| REQUIREMENT |
Restate the listing below word for word, and leave its pictures behind.

| THE DATA |
------------------------------------

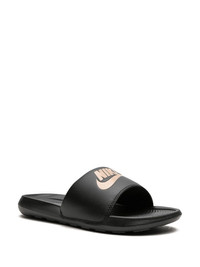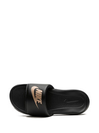 Victori One "Black" slides Nike's Victori One slides now arrive in a black and bronze colourway. This pair features a lightweight construction and a moulded footbed with a grip pattern that allows for a non-slip fit and support. Highlights - Black/bronze-tone - Slip-on style - Signature swoosh logo detail - Open toe - Moulded footbed - Flat rubber sole Imported Composition Lining: Polyurethane 100%, Rubber 100% Sole: Rubber 100%
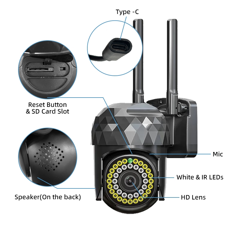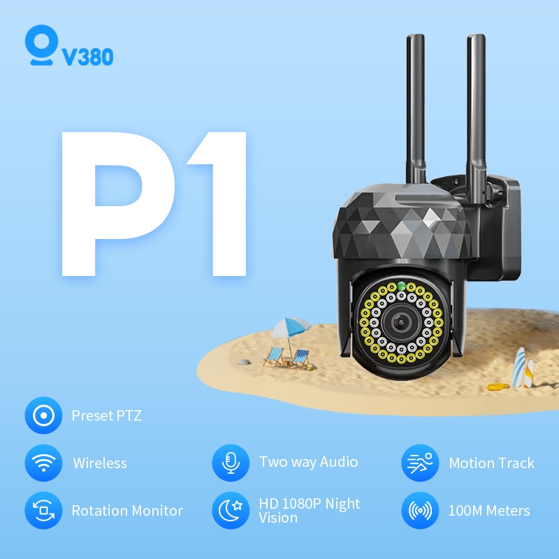 [Garansi satu tahun]V380 CCTV P1hitam Outdoor Tahan Air Penglihatan Malam CCTV nirkabel Camera IP Wifi Alarm Kamera Keam
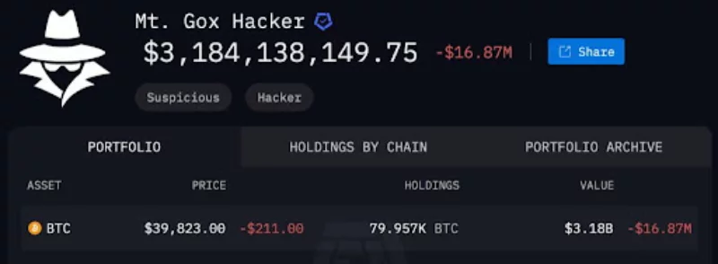 Fait remarquable, les analyses médico-légales estiment actuellement que le pirate de Mt. Gox est en possession de 79 957 BTC, d’une valeur de 3,18 milliards de dollars.
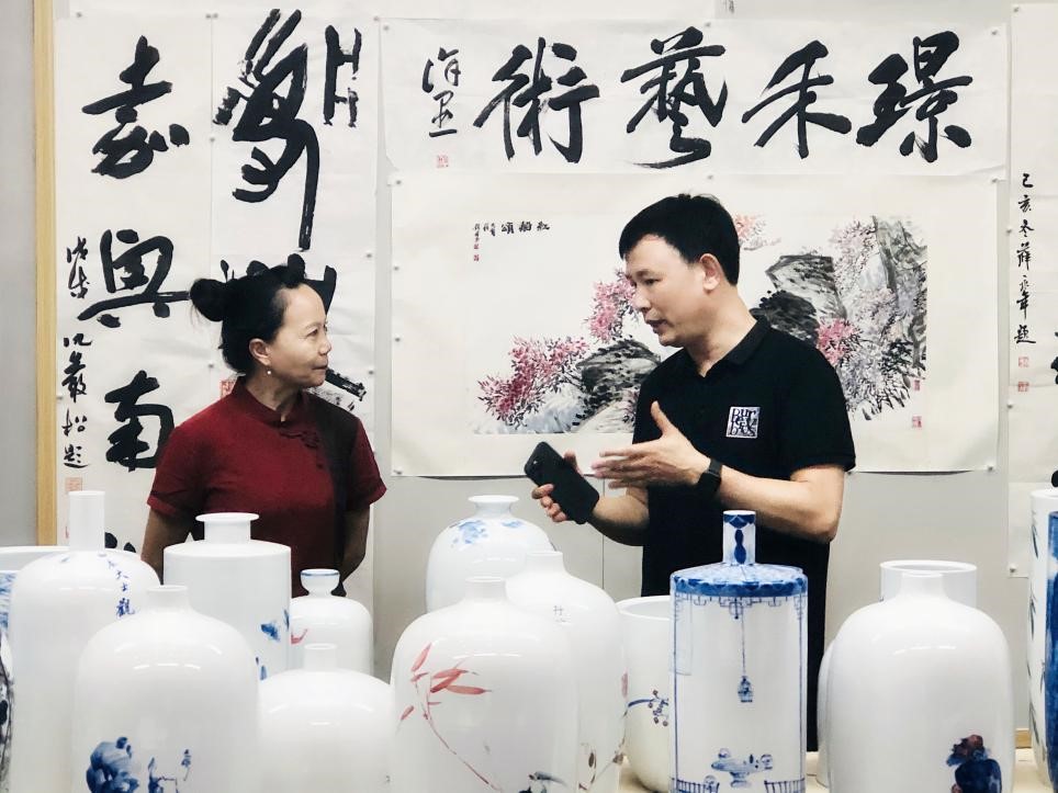 2021世界互联网大会期间,中国资深媒体人陈凤玲在浙江走访多家企业,了解各行业发展现状,其中在她一直关心的文化艺术行业她饶有兴趣的走访了浙江璟禾文化艺术发展有限公司,对于该公司“把艺术带回家,让艺术生活化”的历年颇具认同,董事长俞大有全程陪同了参观。

------------------------------------

| ANSWER FOR THE TASK |
 Victori One "Black" slides Nike's Victori One slides now arrive in a black and bronze colourway. This pair features a lightweight construction and a moulded footbed with a grip pattern that allows for a non-slip fit and support. Highlights - Black/bronze-tone - Slip-on style - Signature swoosh logo detail - Open toe - Moulded footbed - Flat rubber sole Imported Composition Lining: Polyurethane 100%, Rubber 100% Sole: Rubber 100%
 [Garansi satu tahun]V380 CCTV P1hitam Outdoor Tahan Air Penglihatan Malam CCTV nirkabel Camera IP Wifi Alarm Kamera Keam
 Fait remarquable, les analyses médico-légales estiment actuellement que le pirate de Mt. Gox est en possession de 79 957 BTC, d’une valeur de 3,18 milliards de dollars.
 2021世界互联网大会期间,中国资深媒体人陈凤玲在浙江走访多家企业,了解各行业发展现状,其中在她一直关心的文化艺术行业她饶有兴趣的走访了浙江璟禾文化艺术发展有限公司,对于该公司“把艺术带回家,让艺术生活化”的历年颇具认同,董事长俞大有全程陪同了参观。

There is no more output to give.